Peki şu anda aşı firmaları, peynir ekmek gibi aşı mı satıyorlar?.. HAYIR çünkü aşıları yok. Dikkat edin Türkiye’de Bakanlık, “aşı aldık ; alıyoruz, geldi- şimdi geliyor” diye gürültü koparıyor… Düne kadar hiç domuz gribi aşısı olan var mıydı?..YOKTU. . Aşılar henüz, belirli sayıda gelecek ve Bakanlık öncelik belirlemek zorunda..



Şimdi bir de başka bir açıdan bakalım acaba bu yaygara niye. Aslında medya aracılığı ile koparılan “felaket haberleri”, dikkat ederseniz ülkelerin sağlık otoritelerinden (Sağlık Bakanlıklarından) geliyor. Bilim adamları arasında çıkıp, üstüne basa basa felaket tellallığı yapan yok. Ama ülkedeki en büyük sağlık otoritesi yani Sağlık Bakanlıkları, “ciddi ve korkutucu açıklamalar” yapmaya başlayınca onlarla başetmenin pek yolu yok.



Sağlık Bakanlıkları niye bu kadar ön plana çıkıyor derseniz, farklı birşey bildiklerinden değil onlara ulaşan uluslararası alarm sinyalleri çok kuvvetli oldukları ve harekete geçmezlerse başlarının derde gireceği kaygısından... Dünyadaki Sağlık Bakanlıklarını bu kadar telaşlandıran kim? WHO (Dünya Sağlık Örgütü)…



WHO, en az 10 yıldır giderek itibar kaybediyor. AIDS’de çuvalladı. Bazı ülkelerde “Tüberküloz=Verem” tarihin en yüksek boyutlarında ve dünyadaki en büyük sağlık organizasyonu, yıllardır doğru dürüst bir iş yapmıyor.



Peki WHO’ nun kaynakları ne dersiniz: Tüm üye ülkelerin yatırdığı fonlar…

WHO, böyle etkisiz olmaya devam ederse bir süre sonra varlığı bile sorgulanan bir örgüt haline gelecek.

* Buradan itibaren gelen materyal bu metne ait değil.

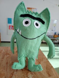 Et puis, le lundi de la deuxième semaine, un nouvel élève est arrivé en classe : il est tout petit, tout vert, avec de grandes dents… et un grand sourire. C’est notre petit monstre ! Il prend part aux activités de la classe, aux temps de regroupements…
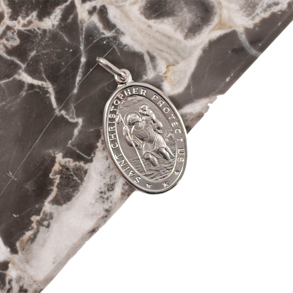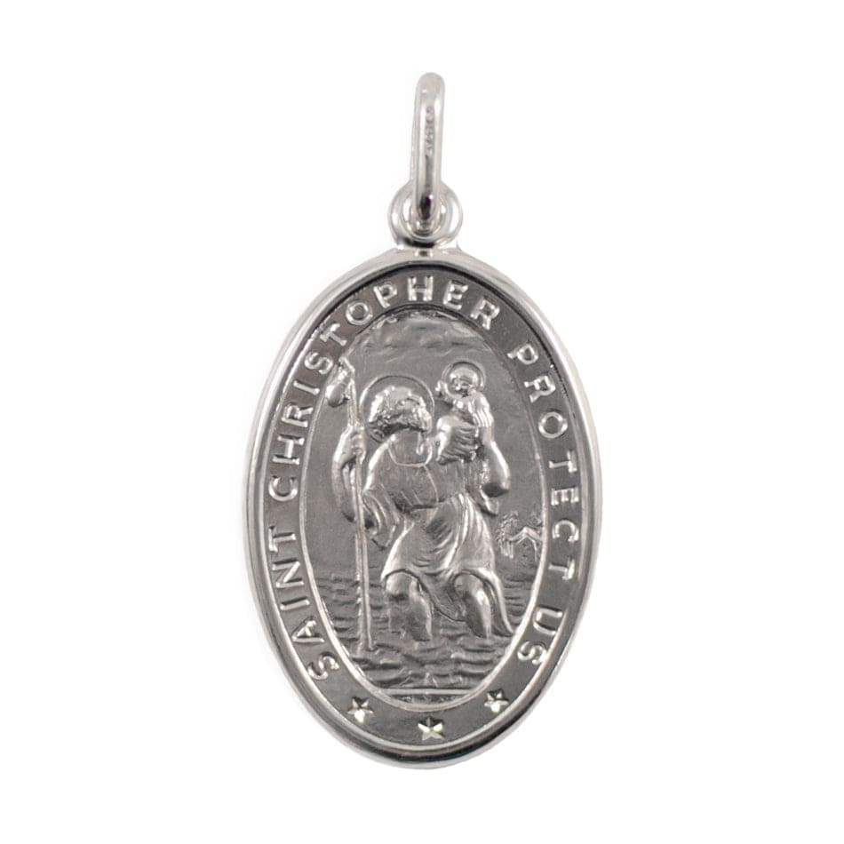 La medalla de San Cristóbal representa el Santo eremita que, gracias a su enorme estatura, ayudaba a los peregrinos a cruzar los ríos turbulentos. Es venerado como uno de los 14 Santos auxiliadores y lleva el NiÑo Jesús en sus hombros.
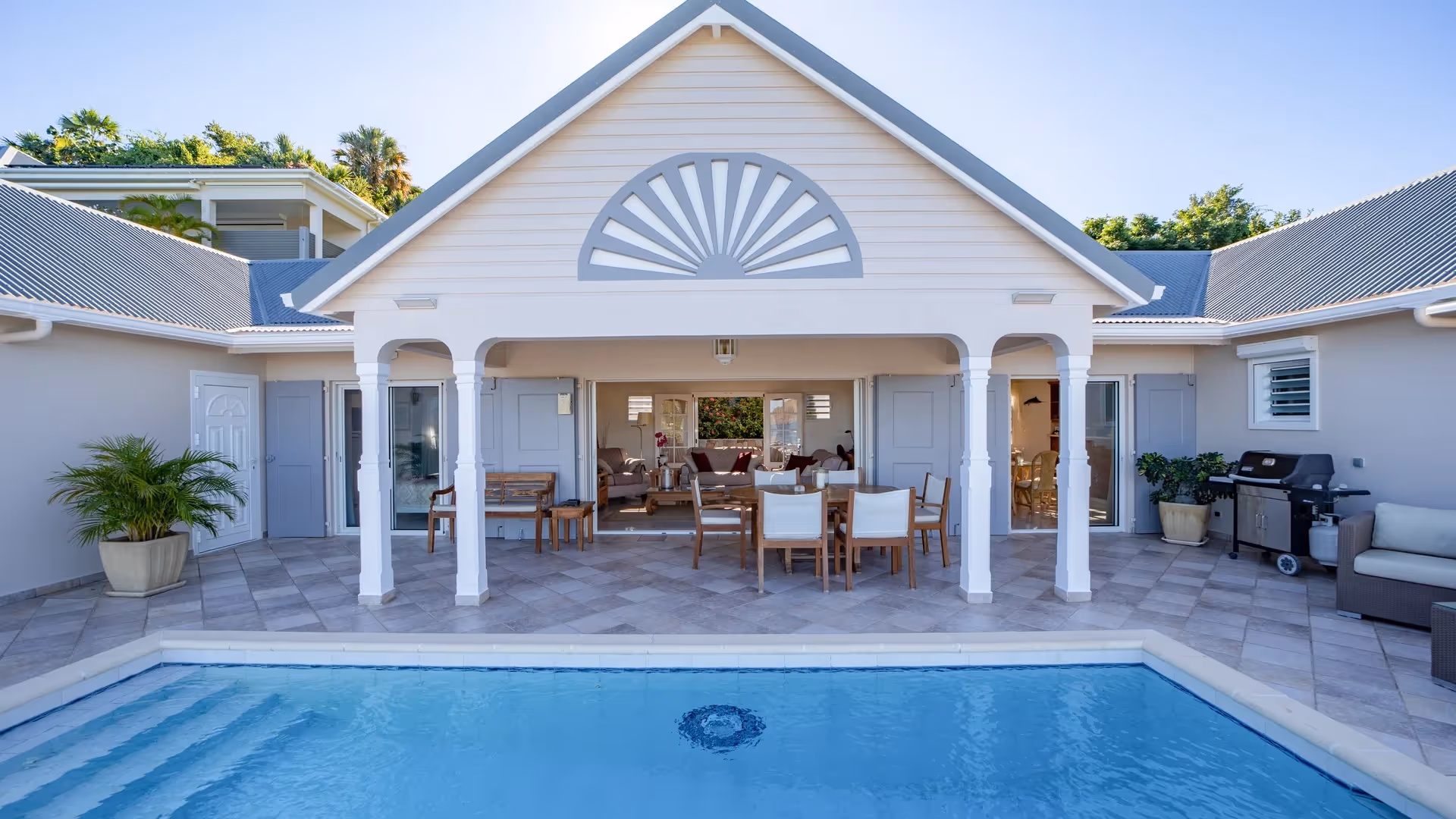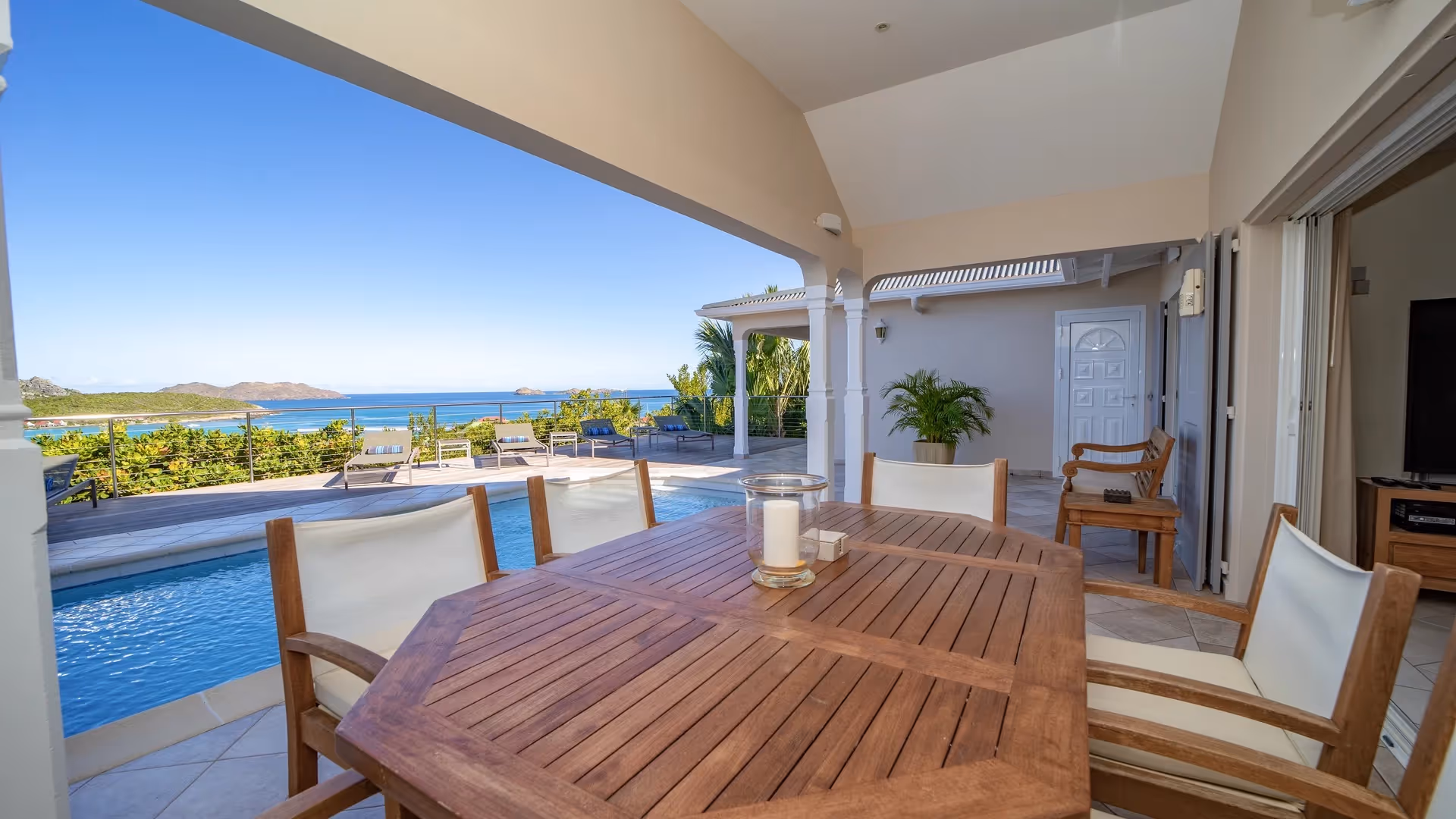 Overlooking the iconic bay of Saint-Jean, this residence embodies a refined Caribbean aesthetic where mahogany structures meet lush tropical surroundings.

Halihazırda tüm ülkelerin sağlık otoriteleri için “kıble” WHO.



Peki WHO ne yaptı; bu yıl ki “zootonic” domuz gribi salgınını biraz fazla abarttı. Bunun kötü bir tarafı da yok aslında... “Korunun temiz olun, elinizi ağzınıza burnunuza sokmayın, sağa sola tükürmeyin” gibi özellikle bizim gibi ülkelerin ihtiyacı olan telkinleri görsel ve işitsel bir kampanyaya dönüştürerek bir bilinçlendirme stratejisi için aslında masum olan Domuz Gribi epidemisini kullandı ve fakat kantarın topuzu kaçtı.

WHO gibi bir otoritenin gereğinden fazla konunun üstüne gitmesi önce ülke sağlık otoritelerinde; onların dikkatsiz ve öngörüsüz beyanları, halkta paniğe yol açtı. “Okul kapatmalar, ölüm haberleri ve Sağlık bakanlığı’nın medya ile iletişimindeki tecrübesiz ve öngörüsüzlüğü” kartopunu, tepeden aşağıya yuvarlamaya başladı..



Bu kartopu etkisini, aşı üreticileri bile tahmin edemediler. Etseler iyi olacaktı ama olmadı. ılginç bir şekilde aşı firmaları –özellikle ABD de federal sağlık otoritesinin talebi üzerine- “acele” aşı üretmeye giriştiler. Kendileri de şaşırdılar ama ABD aşı firmalarına ilk parti olarak tam 5 milyar doz sipariş verdi (Türkiye 43 milyon doz istedi). Ama aşı yok. Firmaların 18 aydan önce aşı yapamadığını hatırlayın...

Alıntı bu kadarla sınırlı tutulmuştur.